Dagong Maintains the Credit Ratings of the Hong Kong Special Administrative Region of the People's Republic of China

发布时间:2017-03-02 11:39:21    点击:

  Dagong Maintains the Credit Ratings of the Hong Kong Special Administrative Region of the People's Republic of China

  Dagong Global Credit Rating Co., Ltd.

  March 2, 2017

  Dagong Global Credit Rating Co., Ltd. (“Dagong”) has decided to maintain both the local and foreign currency credit ratings of the Hong Kong Special Administrative Region of the People’s Republic of China (“SAR”, “Hong Kong”) at AAA, each with a stable outlook. Despite intensified political differences, social tensions and mounting downward pressure on the economy, under the framework of the Basic Law and the macro-prudential measures of the SAR government, the debt repayment environment of Hong Kong remains stable. With sizable fiscal reserves and foreign exchange reserves the debt burden upon the government is minimal. Therefore, the government’s local and foreign currency solvency remains extremely strong.

  The principal reasons for maintaining the sovereign credit ratings of Hong Kong are as follows:

  1. The debt repayment environment remains stable. Despite an increase in the number of seats held by pan-democrats in the Legislative Council Elections in September 2016 which has exacerbated social tensions, the political situation in Hong Kong remains stable under the framework of the Basic Law and the "one country, two systems" policy. While introducing policies to improve people's livelihoods and consolidate the advantages of traditional industries, the SAR government has promoted industrial diversification and developed scientific and technological industries. These efforts will alleviate the short-term economic downward pressure. At the same time, the government's prudential macro-control will sustain the resilience of the financial system.

  2. Although the pressure of an economic downturn will build up in the short-term, Hong Kong will maintain its great long-term economy growth capacity. Influenced by the anemic global economic recovery and the Mainland’s economic slowdown, the decline in the number of tourists vis-à-vis increased tourism competition will continue to slow down activity in the tourism and retail sectors. The re-export trade and service exports will continue to be under pressure. Under a background of the Federal Reserve’s interest rate rise, Hong Kong has tightened its monetary policies and the real estate market has come under pressure. This will further curb consumption and investment. It is expected that Hong Kong's economic growth will slow to 1.7% in 2017. In the medium and long terms, Hong Kong has obvious institutional, geographical and industrial advantages. The development of innovation and technology, promotion of re-industrialization and the continuing process of integration with the Mainland’s economy will provide new opportunities for Hong Kong’s economic development. Therefore, Hong Kong’s average economic growth rate is expected to be 2.6% during 2018-2022.

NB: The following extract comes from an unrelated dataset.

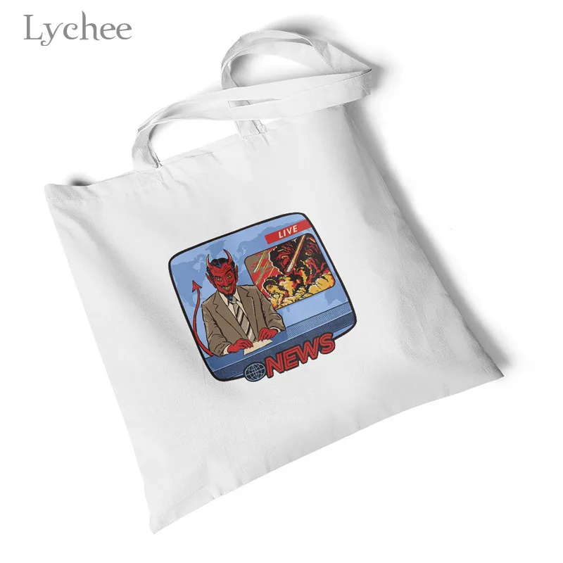 Женская Холщовая Сумка Lychee Harajuku с принтом демона и дьявола, складная многоразовая сумка-тоут, оригинальная большая сумка для покупок, сумка ...

  3. In the short term, the fiscal surplus will narrow, but sufficient fiscal reserves will guarantee stable repayment sources for the SAR government. In the short term, due to the need to boost the economy and relieve social strains, tax reductions and other mitigation measures and increased spending on improving people’s livelihoods will cause the SAR government’s fiscal surplus to shrink further. It is thus expected that the fiscal surplus will be 1.5% in FY2017/18 and 0.1% in FY2018/19. In the medium term, a seriously aging population will increase the fixed expenditure of the SAR government, and structural deficits will appear. Nonetheless, the fiscal surplus which has been in place for many years has allowed the government to accumulate sizable fiscal reserves. The SAR government’s forward-looking plans - to establish a future fund and housing reserve, and implement a 10-year hospital development plan - will ensure long-term fiscal stability. Hence, the government will have stable repayment sources over the long run.

  4. With a minimal debt burden, the local and foreign currency solvency of the SAR government will remain resilient. In 2016, the SAR government's debt burden rate was 4.9%, and it is expected to remain at an extremely low level of 5.0% and 5.1% in 2017 and 2018, respectively. The sizable fiscal reserves and excellent market financing capacity will continue to protect the local currency solvency of the SAR government. At the same time, the continuing current account surplus will underpin Hong Kong's international net debtor status. By the end of 2016, Hong Kong’s international reserves accounted for 122.2% of GDP, and that will also provide strong protection for the foreign currency solvency of the SAR government.

  In the short term, continued weakness in the external trading environment and the slowdown in the Mainland's economy will negatively affect Hong Kong's economic growth; yet, under the SAR government's prudent governance, moderate economic growth will be sustained and financial risks will be contained. The sound fiscal conditions, a very low debt burden, and sufficient fiscal and international reserves will provide strong protection for the local and foreign currency solvency of the SAR government. Therefore, Dagong has decided to maintain a stable outlook for both the local and foreign currency credit ratings of Hong Kong for the next one to two years.